■ **WHAT NEEDS TO BE DONE**
The records below are to be written out exactly, with every picture omitted.

■ **Stored records**
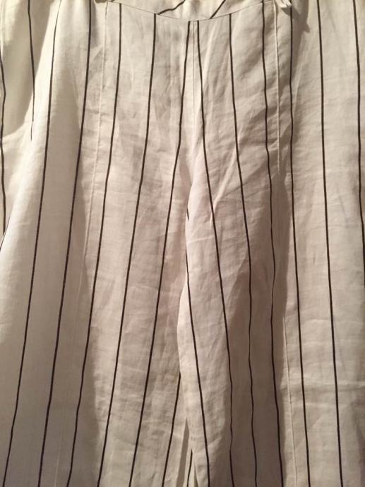 BRODWAY original nove bijele široke hlače na pruge...ramie 100%...ugodan materijal pogodan za ljeto..kvalitetniji ,mix lana i pamuka...lagani sjaj karakterističan za ramie lan....oversized kroj nogavica poput culotte suknja hlača....vel.S/M ..po deklaraciji M.....
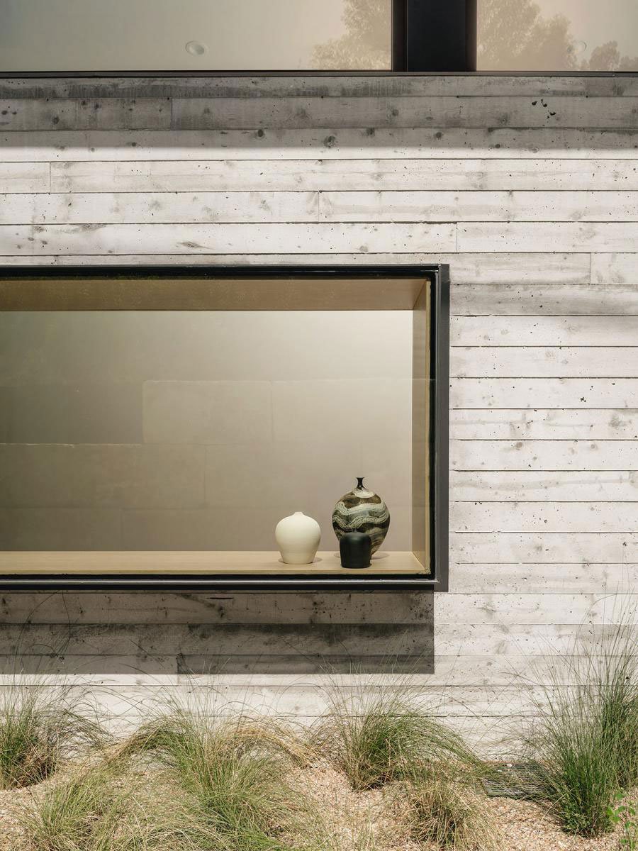 The retaining wall was made taller than necessary in order to become the main demising wall of the home. One side of the retaining wall is driveway and pedestrian access, the other side is the home, held up on piers as tall as 30 feet. Exposed Board Formed Concrete, Steel frame piers and beams, open web steel joist roof structure.
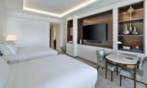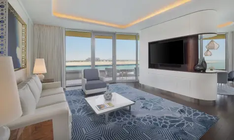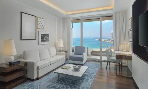 One-bedroom corner suite with sea view: 201 кв. m, спалня, Кинг-размер легло, хол, трапезария, 2 бани, душ и вана, балкон (50 кв. m), гледка към морето.
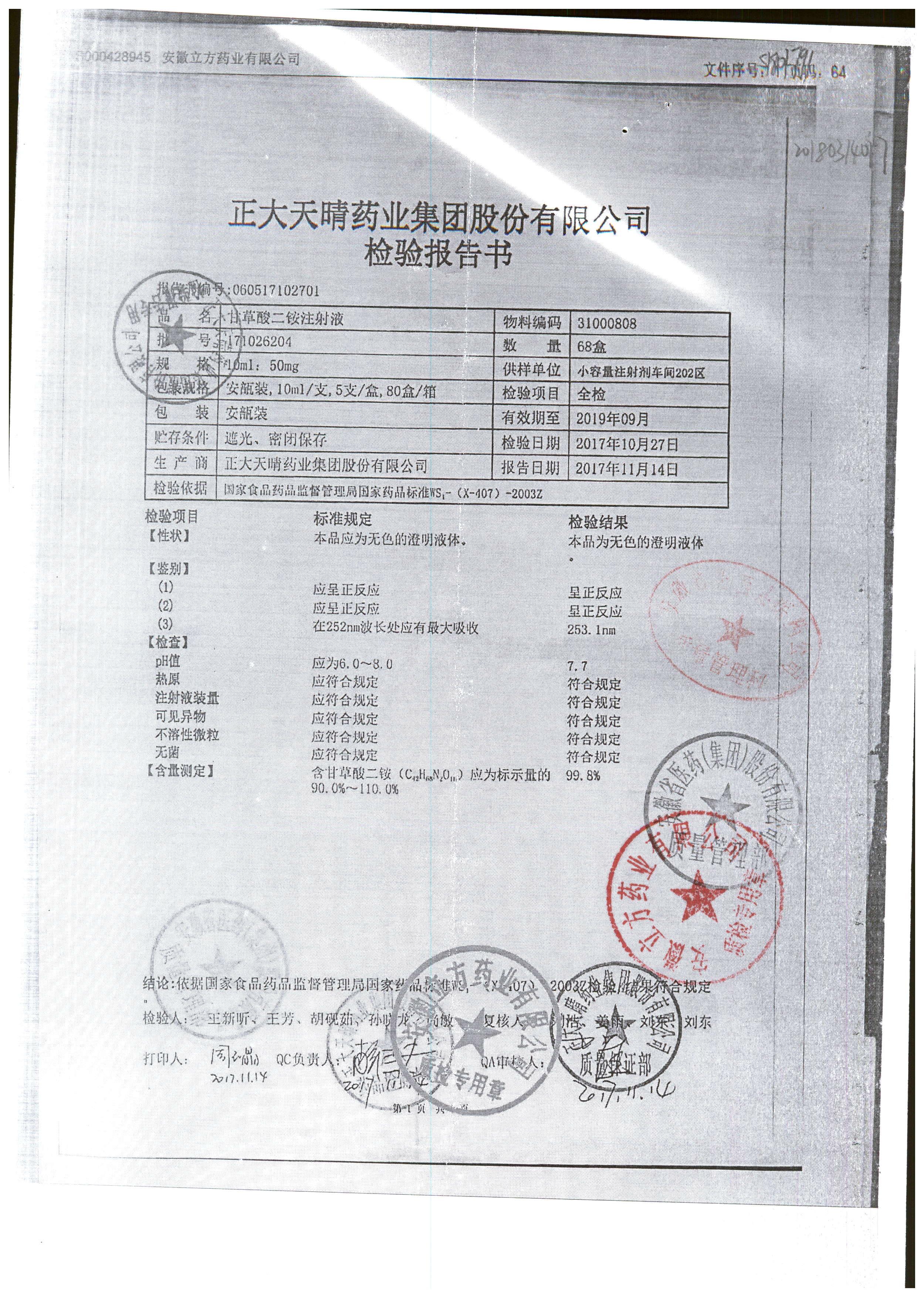 | 甘草酸二胺注射液 | 10ml:50mg | 171026204 | 查看詳情 |
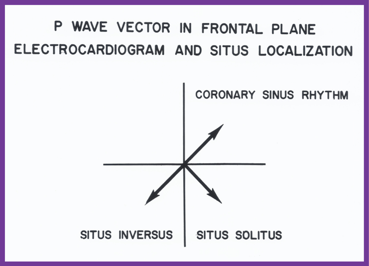 Figure 3: The location of the P vector (axis) in the frontal plane is shown for situs solitus (+45°) and situs inversus (+135°). A P vector between 0° and -90° is called coronary sinus rhythm and is not helpful in atrial situs assignment [10].
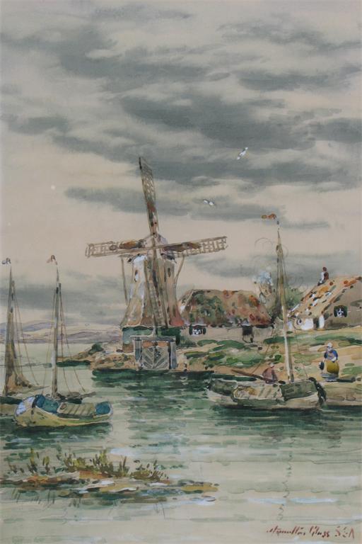 Hamilton James Glass (1820-1885) Dutch river scene with a windmill Signed Watercolour 34.5 x...
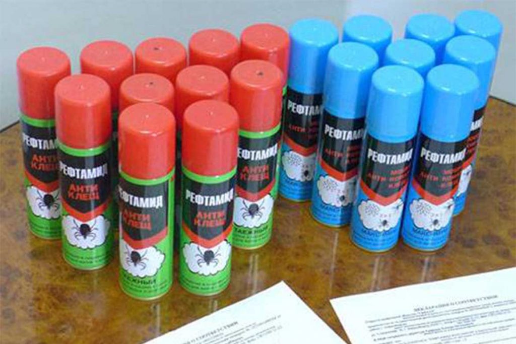 Выпускается препарат в черно-голубом баллоне. Этот опознавательный знак позволяет быстро найти нужную разновидность продукта среди широкого ассортимента репеллентов Рефтамид от клещей. Нужно учитывать, что вся одежда, которая была обработана, должна храниться в герметичном полиэтиленовом пакете. Если это условие не выполняется, срок действия активного вещества сокращается.
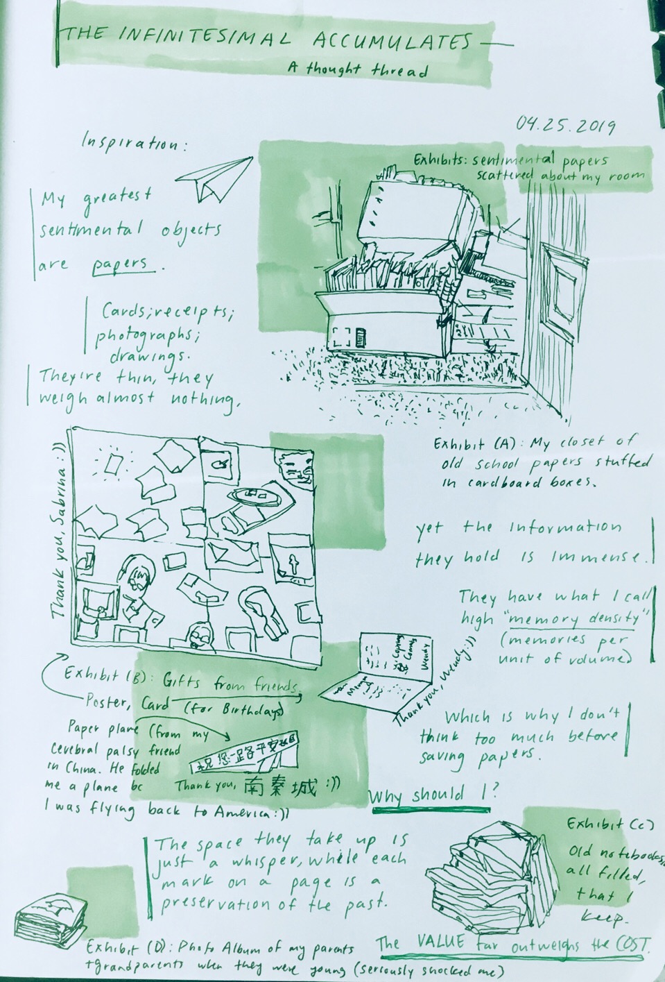 My greatest sentimental objects are papers. Cards; drawings; receipts; photographs: they're thin, they weigh almost nothing, yet the information they hold is immense. They have high "memory density" (memories per unit of volume).
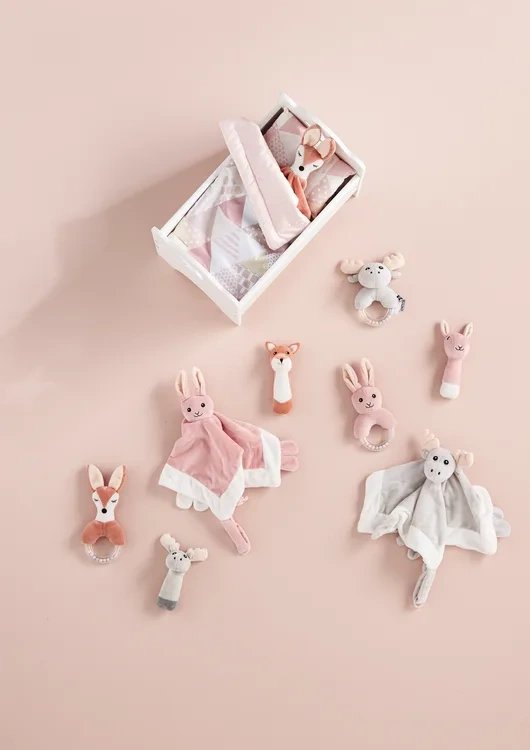 Urocza grzechotka w kształcie królika z kolekcji EDVIN. Grzechotka jest miękka, wygodna i łatwa w obsłudze, odpowiednia dla najmniejszych dzieci.

■ **EXERCISE RESULT**
 BRODWAY original nove bijele široke hlače na pruge...ramie 100%...ugodan materijal pogodan za ljeto..kvalitetniji ,mix lana i pamuka...lagani sjaj karakterističan za ramie lan....oversized kroj nogavica poput culotte suknja hlača....vel.S/M ..po deklaraciji M.....
 The retaining wall was made taller than necessary in order to become the main demising wall of the home. One side of the retaining wall is driveway and pedestrian access, the other side is the home, held up on piers as tall as 30 feet. Exposed Board Formed Concrete, Steel frame piers and beams, open web steel joist roof structure.
 One-bedroom corner suite with sea view: 201 кв. m, спалня, Кинг-размер легло, хол, трапезария, 2 бани, душ и вана, балкон (50 кв. m), гледка към морето.
 | 甘草酸二胺注射液 | 10ml:50mg | 171026204 | 查看詳情 |
 Figure 3: The location of the P vector (axis) in the frontal plane is shown for situs solitus (+45°) and situs inversus (+135°). A P vector between 0° and -90° is called coronary sinus rhythm and is not helpful in atrial situs assignment [10].
 Hamilton James Glass (1820-1885) Dutch river scene with a windmill Signed Watercolour 34.5 x...
 Выпускается препарат в черно-голубом баллоне. Этот опознавательный знак позволяет быстро найти нужную разновидность продукта среди широкого ассортимента репеллентов Рефтамид от клещей. Нужно учитывать, что вся одежда, которая была обработана, должна храниться в герметичном полиэтиленовом пакете. Если это условие не выполняется, срок действия активного вещества сокращается.
 My greatest sentimental objects are papers. Cards; drawings; receipts; photographs: they're thin, they weigh almost nothing, yet the information they hold is immense. They have high "memory density" (memories per unit of volume).
 Urocza grzechotka w kształcie królika z kolekcji EDVIN. Grzechotka jest miękka, wygodna i łatwa w obsłudze, odpowiednia dla najmniejszych dzieci.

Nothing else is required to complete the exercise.